Taylor Chevrolet Inc. v. Medical Mutual Services LLC

306 F. App'x 207
CourtCourt of Appeals for the Sixth Circuit
DecidedDecember 22, 2008
Docket07-4505
StatusUnpublished

This text of 306 F. App'x 207 (Taylor Chevrolet Inc. v. Medical Mutual Services LLC) is published on Counsel Stack Legal Research, covering Court of Appeals for the Sixth Circuit primary law. Counsel Stack provides free access to over 12 million legal documents including statutes, case law, regulations, and constitutions.

Bluebook
Taylor Chevrolet Inc. v. Medical Mutual Services LLC, 306 F. App'x 207 (6th Cir. 2008).

Opinion

OPINION

McKEAGUE, Circuit Judge.

Plaintiff Taylor Chevrolet, Inc. (“Taylor”) sued Defendant Medical Mutual Services LLC (“Medical Mutual”) in Ohio state court, alleging breach of contract, breach of fiduciary duty, and other state law claims. Medical Mutual removed the suit to federal district court, contending that Taylor’s claims were completely preempted by the Employee Retirement Income Security Act of 1974 (“ERISA”), 29 U.S.C. § 1001 et seq. The district court granted Taylor’s motion to remand to state court, as well as Taylor’s subsequent request, pursuant to 28 U.S.C. § 1447(c), for attorneys’ fees and costs incurred as a result of the removal. On appeal, Medical Mutual challenges the award of attorneys’ fees and costs to Taylor. Because the district court did not abuse its discretion in this matter, we AFFIRM.

I

In March 2003, Taylor created a self-funded health benefit plan (the “Plan”) for *208 the purpose of providing medical benefits to its eligible employees and their dependents. The parties do not dispute that the Plan was an employee welfare benefit plan established and maintained in accordance with ERISA.
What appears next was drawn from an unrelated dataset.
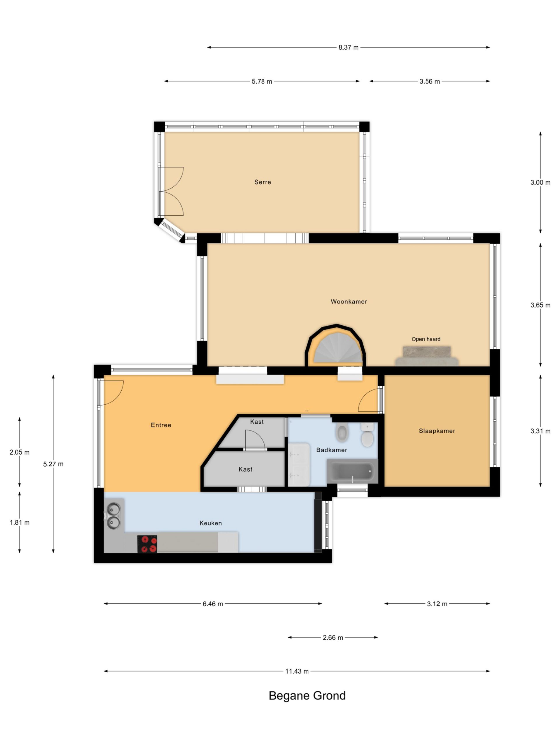 De hal/ entree is aan de zijkant van de woning. U heeft dan toegang tot de woonkamer met keuken en trapopgang naar de eerste verdieping. In de hal/ entree bevindt zich ook de meterkast met 12 groepen en 1 aardlekschakelaar.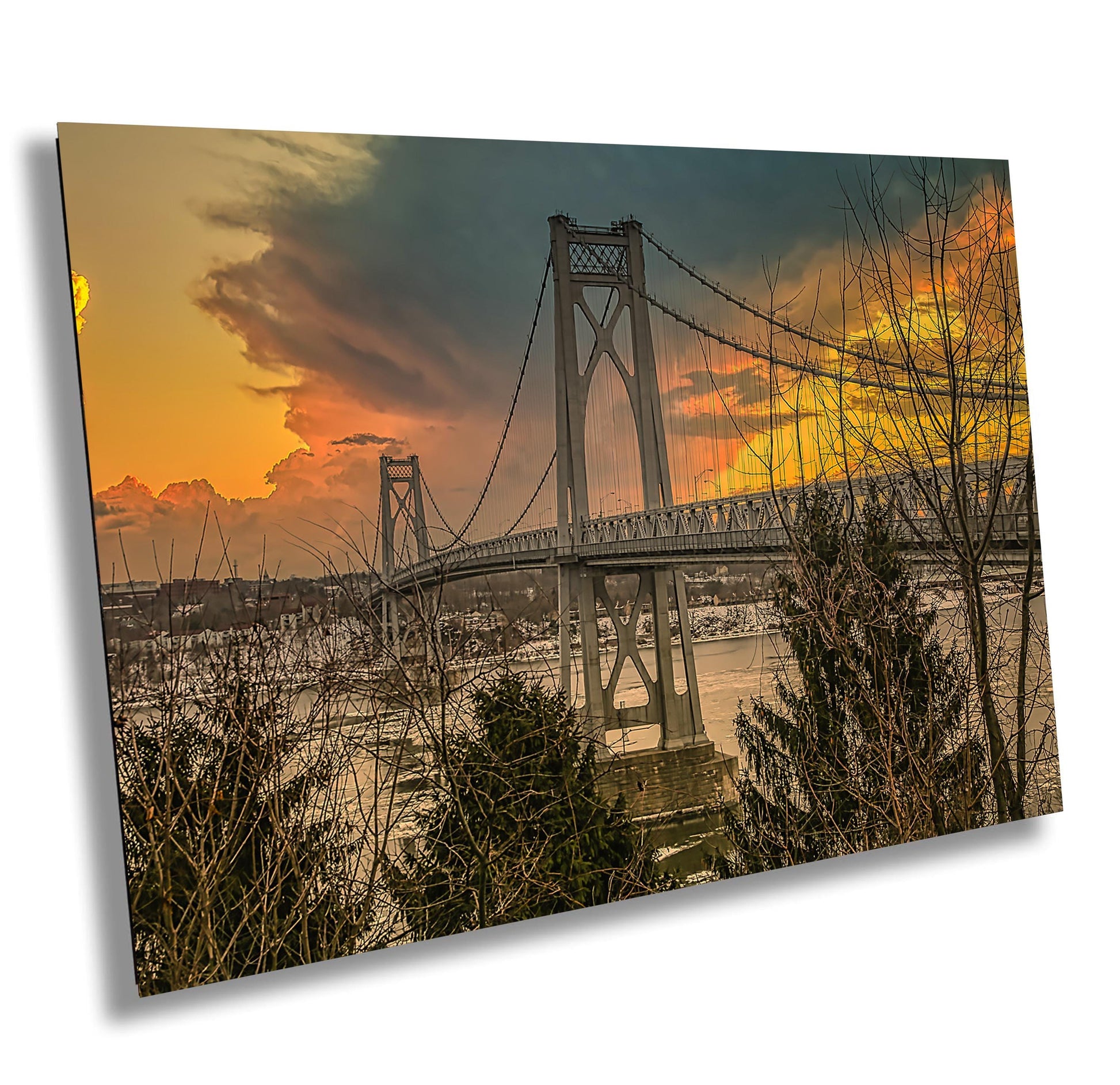 The Mid Hudson Bridge Canvas is a stunning piece of Hudson Valley Photography that brings elegant wall decor into your space while capturing the serene beauty of the iconic bridge at sunrise. This ready to hang canvas print offers a vivid, high-quality image that transforms any room with a touch of New York City decor. Crafted with UV resistant ink, this canvas wall decor preserves the rich colors and intricate details of the sunrise bridge photo, ensuring lasting vibrancy.

From March 2003 to 2005, Taylor and Medical Mutual entered into a series of administrative services agreements. Under the terms of these agreements, Taylor was obligated to establish the Plan, prepare a governing Plan document, and prepare and distribute a summary Plan description. Taylor was also financially liable for claims incurred by the Plan’s participants and beneficiaries, or, as the Plan defined them, “Covered Persons.” Medical Mutual was to act as third-party administrator of the Plan. Among other things, Medical Mutual was required to receive and process claims for benefits and to disburse payments under the Plan. Upon payment of a claim, Medical Mutual would send Taylor a weekly invoice of the amounts expended. The agreements required Taylor to pay the invoiced amounts on the next business day following the date of the invoice.

Taylor was also party to an excess loss reinsurance contract with American National Insurance Company (“American National”) to protect itself from catastrophic financial loss. Although Taylor was still required to reimburse Medical Mutual for the entire amount of approved medical claims, Taylor was entitled to reimbursement from American National for any claims Taylor paid on behalf of a single Covered Person in excess of $50,000. To ensure that Taylor was reimbursed under its contract with American National, Taylor claims Medical Mutual was required to timely notify American National of any excess amount.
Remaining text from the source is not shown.